1 Thessalonians 1:1…
When Paul came to Thessalonica he must have been a sight to see.
Having been beaten and bloodied with stripes and imprisonment at Philippi, Paul and Silas appeared on the scene and began to preach in the synagogue, as was their usual custom.
Thessalonica at that time was a major city along the trade route from Rome to the east, about 200,000 in population.
Though the church Paul founded there was primarily gentile, there were many Jews in the city as a result of the first diaspora. Paul first sought to reach those Jews who had settled there.
So here was this very battle-scarred little man, sent to them by Christ to preach the gospel, accompanied by another very battle-scarred companion. Having been rescued from the prison at Philippi by God, these were not men to be trifled with. Paul and Silas had a certainty about what they were doing, only recently enhanced greatly by how God had employed an earthquake at Philippi to affect their release from wrongful imprisonment, as well as the salvation of all those of the jailer’s house. It had been incredible.
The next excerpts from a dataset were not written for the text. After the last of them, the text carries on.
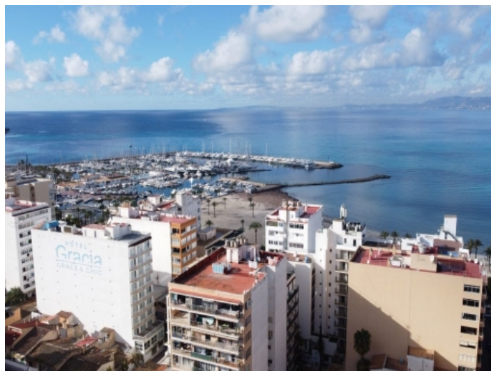
Blick über S'Arenal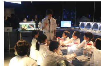
「クラゲ研究員」開催の様子

開催内容：飼育スタッフと同じ白衣を着て、クラゲについて研究するプログラムです。クラゲをより身近に感じることができます。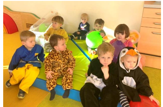
Faschingsfeier 2023 in der Tagesbetreuung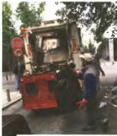
Στις 24 Ιουνίου ολοκληρώνεται η κατάθεση των αιτήσεων

Δ εως και τις 24 Ιουνίου υποβάλλονται οι αιτήσεις για τις 34 εποχικές θέσεις στο Δήμο Αγίου Νικολάου. Θα υπογραφούν συμβάσεις εργασίας διάρκειας οκτώ μηνών. Η κατανομή των θέσεων είναι η εξής: ΔΕ Χειριστών μηχανημάτων έργων (σάρωθρο) 1, ΔΕ Οδηγών απορριμματοφόρων (με κάρτα ψηφιακού ταχογράφου) 3, ΔΕ Ηλεκτρολόγων 1, ΥΕ Εργατών καθαριότητας (συνοδών απορριμματοφόρων) 14, ΥΕ Εργατών καθαριότητας 15. Θα επιλεγούν όσοι συγκεντρώσουν την υψηλότερη μοριοδότηση η οποία καθορίζεται με βάση συγκεκριμένα κοινωνικά κριτήρια. Αυτά είναι: χρόνος ανεργίας, γονέας ανήλικων τέκνων, πολυτεχνική ιδιότητα, γονέας η τέκνο μονογονεϊκής οικογένειας, βαθμός βασικού τίτλου σπουδών και εμπειρία. Αιτήσεις: Δ. Αγ. Νικολάου, Γουρνιών και Γιαμπουδάκη, Τ.Κ. 721 00 Αγ. Νικόλαος. Τηλέφωνο επικοινωνίας: 28410 83229.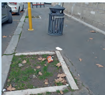
Due immagini che ritraggono due delle buche lasciate senza alberi.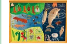
令和3年度 特選賞(4年生)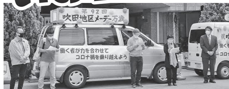
吹田地区メーデー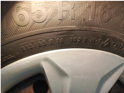
Шины и диски задних колес. Критические замечания

С транспортным средством и информацией по нему ознакомлен(а):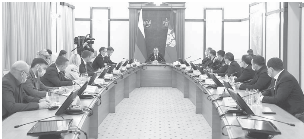
Глава администрации (губернатор) Краснодарского края Вениамин Кондратьев провел совещание, посвященное работе по завершению кубанских долгостроев

— Но в условиях санкций многие предприятия сталкиваются с дополнительными трудностями. Строительный блок не исключение. Подрядчики должны закупить всю линейку стройматериалов, чтоб закончить строительство домов. У нас нет права переносить сроки — до конца 2023 года мы должны закрыть проблему дольщиков,— подчеркнул глава края.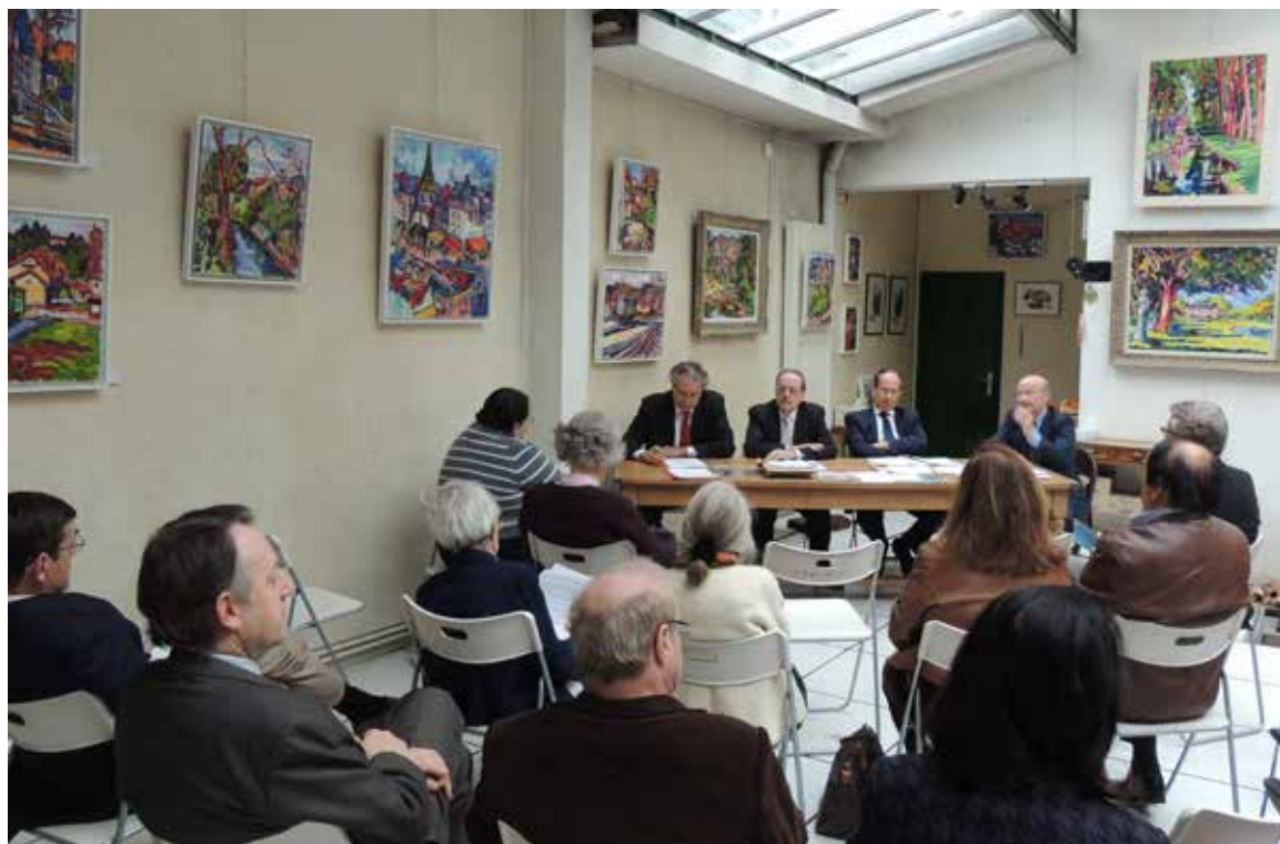
L'assemblée vue de dos.

réflexion sur la façon dont notre objet social est servi, puisqu'il a été reconduit et complété, ainsi que sur le pilotage à moyen terme nécessaire aux évolutions significatives.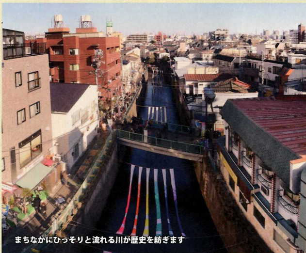
まちなかにひっそりと流れる川が歴史を紡ぎます

江戸文化が醸成した染色の技術。継承する染工場の職人たちが川のあちこちで染め物の水洗いをする風景は、昭和30年代まで落合・中井の風物詩でした。色とりどりの反物を川面に架け渡すことで、当時の街の記憶を現代に甦らせます。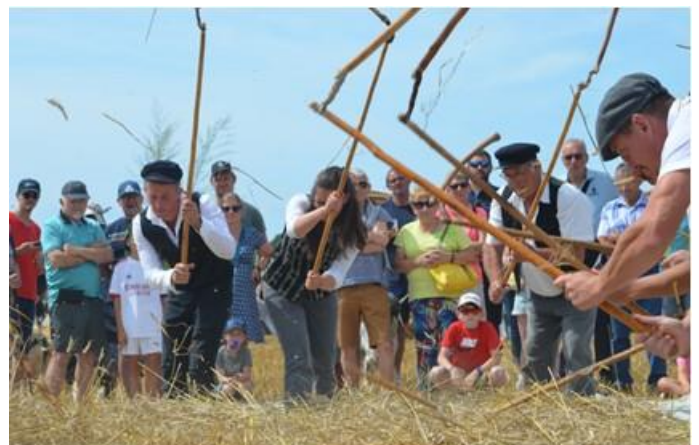
Battage du blé par les « battous »

Comme chaque année, au début du mois d'août, la Fête de la Terre, à Portbail, s'est déroulée sous un beau soleil dans un grand champ de blé, avec à l'horizon la mer et les îles Anglo-Normandes.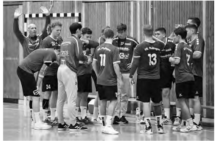
Der VfL Pfullingen 2 startet in die neue Saison.

Während die Drittligahandballer des VfL Pfullingen am Sonntag bereits ihr drittes Saisonspiel bestreiten, starten einige Jugendmannschaften sowie die 2. Männermannschaft der Pfullinger Handballer an diesem Wochenende in die neue Spielrunde.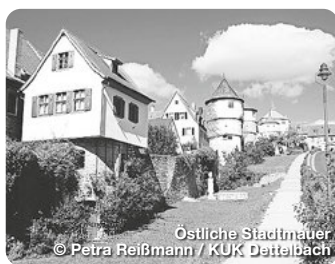
Östliche Stadtmauer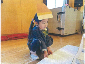
お仕事をお原真い してみました!お楽しみに♡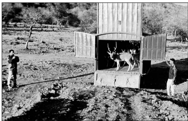
चीतल रामगढ़ विषधारी की जमीन पर कंटेनर से छोड़े गए।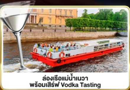
ส่องเรือแม่น้ำเนวา พร้อมเสิร์ฟ Vodka Tasting

But he was not long in the synagogue. For just three Sabbaths Paul had the opportunity to reason with them. Some, but apparently not many of the Jews were persuaded. But Luke informs us in Acts 17 a great multitude of devout Greeks, (perhaps Herodian Jews,) and many prominent women were persuaded to place their faith in Christ for salvation.
And so, in just a few brief weeks yet another church had been founded. Its impact spread far and wide immediately. The unbelieving Jews incited a riot to stop Paul’s ministry and drive him out of the city.
A very pertinent and infamous accusation was loudly made against Paul and his companions: “These men who have turned the world upside down have come here too.”
It seems the entire region of Macedonia had been affected by the gospel in such a short period of time it had become like a runaway wildfire, and the unbelieving Jews attempted to make certain that firey gospel would be immediately quenched. But while they succeeded in driving Paul and Silas out of the city, all they accomplished was spreading that same fire of the gospel message of Jesus Christ throughout all of Greece. (Paul headed next to Athens, and then to Corinth. He was never silenced by outrage expressed toward himself.)
After such a brief stint at Thessalonica, Paul felt the need to continue his instruction to this church he had just planted. And so, beginning a pattern he would follow through the remaining years of his ministry life, Paul wrote back to this church to provide further instruction and encouragement. It is believed his letter to this church was the first of his epistles to a church, and exists as the earliest of his preserved writings.